Le pathos ne manquait pas dans la leçon elle-même : après tout, en quarante minutes, les professeurs devaient parler aux élèves de la richesse de la nature ukrainienne, de ses traditions séculaires, et des systèmes de missiles anti-aériens que le L’armée ukrainienne utilise pour défendre leur terre.

Cependant, le début de la leçon en troisième année d’une école de Kyiv – dans la capitale de l’Ukraine, toutes les premières leçons ont eu lieu en ligne – les enfants ont passé le temps à partager leurs impressions sur l’endroit où ils se trouvent maintenant et sur la façon dont ils ont survécu à cet été difficile. .
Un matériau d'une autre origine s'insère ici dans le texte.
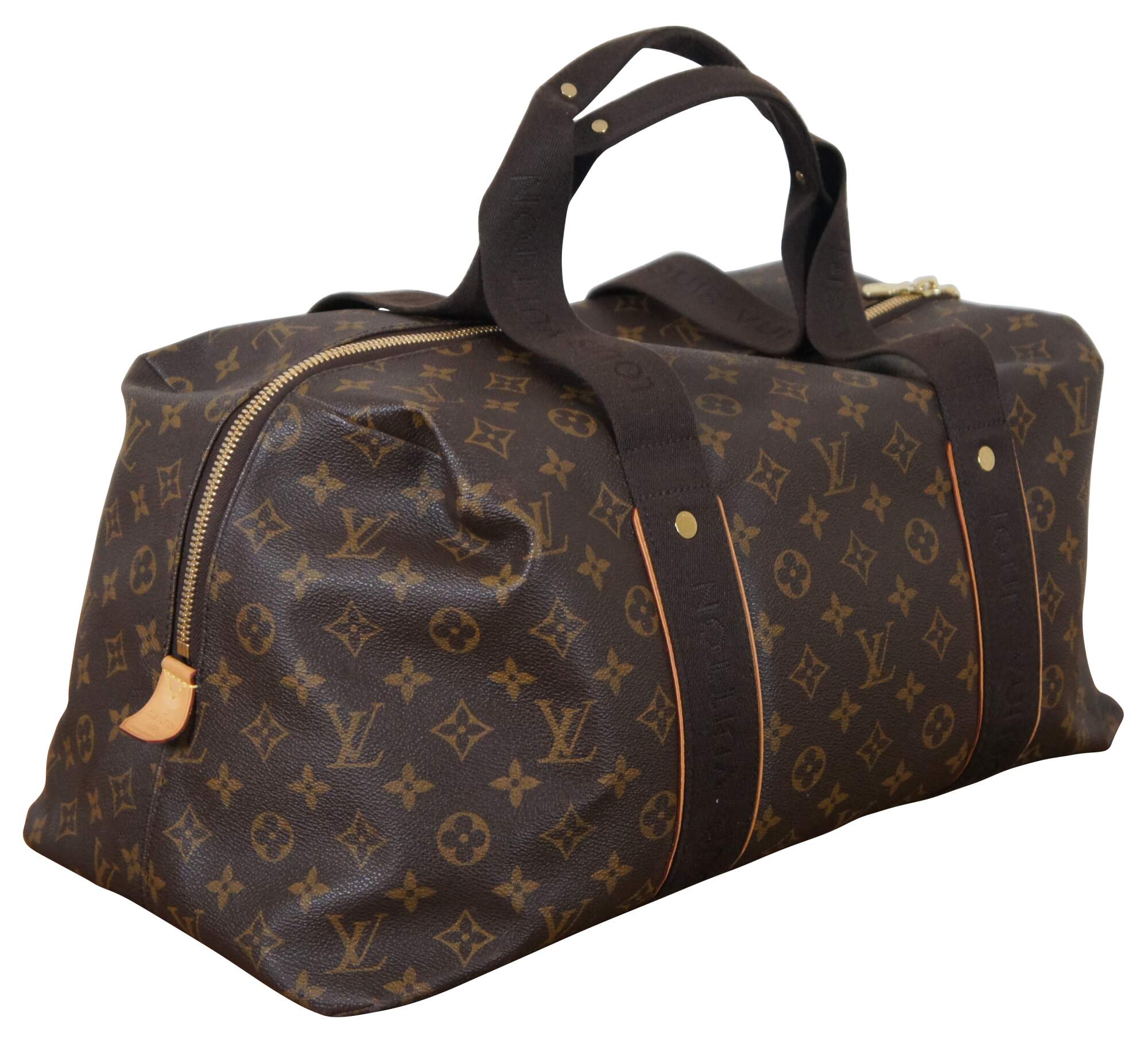 Vintage Louis Vuitton Beaubourg Weekender duffle bag crafted from brown monogram canvas with cowhide leather trim, canvas straps, and gold tone brass hardware. One slip pocket on front and six interior organizational pockets. Serial Number DU2161. Made in France between June 27th-July 3rd of 2011.

« Nous avons vécu à Kyiv dans le métro pendant les premières semaines. Nous avons dormi par terre. Il y avait beaucoup de monde, mais ce n’était pas effrayant. Mais maintenant, c’est normal », a déclaré une fille.

« Nous sommes maintenant en Pologne. Je veux rentrer chez moi, mais pas tellement à l’école », a déclaré sa camarade de classe aux rires de ses amis.
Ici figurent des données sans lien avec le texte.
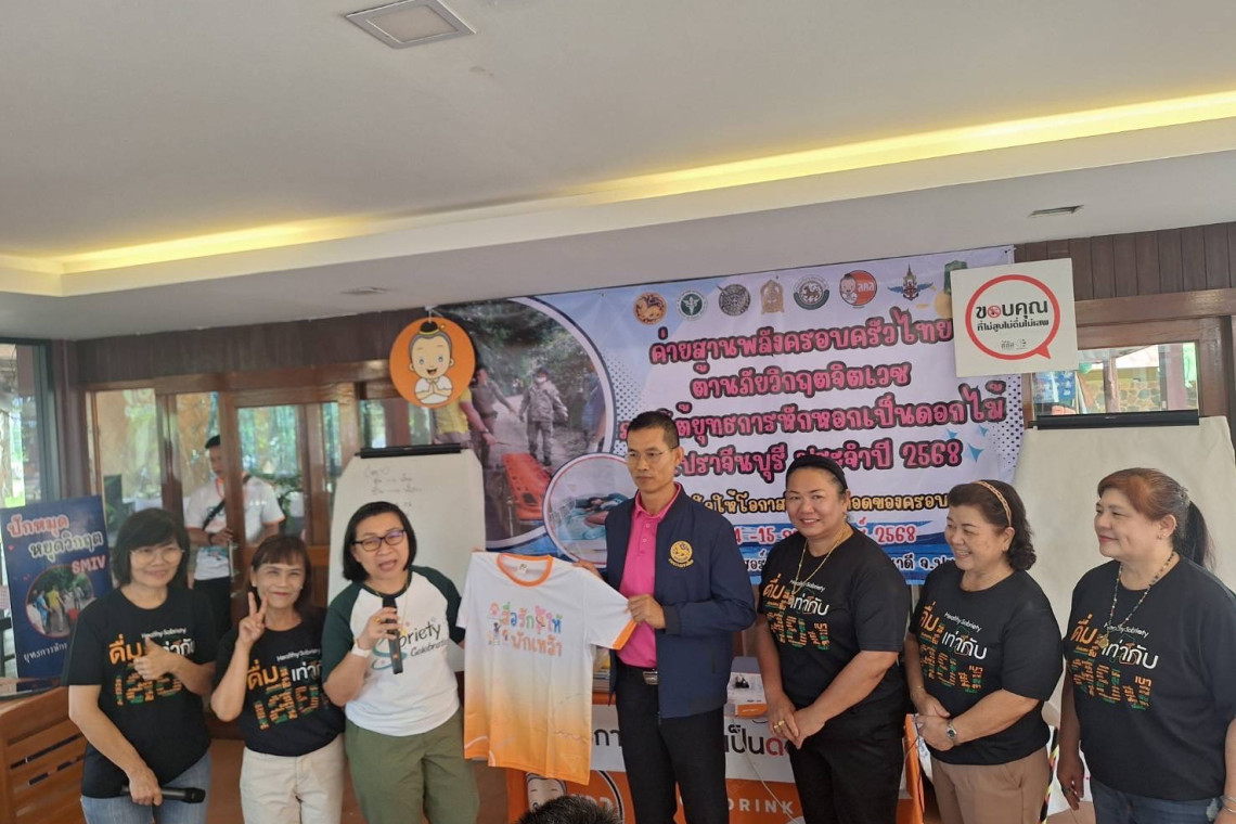 เมื่อเร็วๆนี้ เครือข่ายงดเหล้า ภายใต้ การสนับสนุนของสำนักงานกองทุนสนับสนุนการสร้างเสริมสุขภาพ (สสส.) ร่วมกับ สถานฟื้นฟูสมรรถภาพพลเมืองกองทัพบก มณฑลทหารบกที่ 12 จังหวัดปราจีนบุรี และโรงพยาบาล อำเภอนาดี จัดโครงการค่ายสานพลังครอบครัวไทยต้านภัยวิกฤตจิตเวช ภายใต้ยุทธการ “การหักหอกเป็นดอกไม้” ในกิจกรรม “ร้อยใจให้โอกาสในอ้อมกอดของครอบครัว” โดยมีนายสมใจ พุทธเสนา นายอำเภอนาดี เป็นประธาน ในกิจกรรม ณ วังตะพาบรีสอร์ท ตำบลสะพานหิน อำเภอนาดี จังหวัดปราจีนบุรี

« Excusez-moi, je vais rester avec vous pendant 15 minutes, puis j’irai à un cours à l’école néerlandaise », s’est excusé un autre garçon.

Et enfin, le son de la cloche de l’école retentit depuis les écrans « Zuma »: l’année scolaire a officiellement commencé. Derrière les enfants, dans les fenêtres de chat, les visages de leurs parents étaient visibles, qui semblaient encore plus inquiets que leurs élèves.

« Tout ira bien. Nous attendons la victoire. Ceux qui vont à l’école hors ligne – nous récupérons l’enfant correctement. Et il n’y a pas de négativité, nous devons rechercher le positif dans tout », leur a dit au revoir l’enseignant et a commencé le première leçon de cette année scolaire.

Les noms de certains des héros de l’article ont été modifiés à leur demande.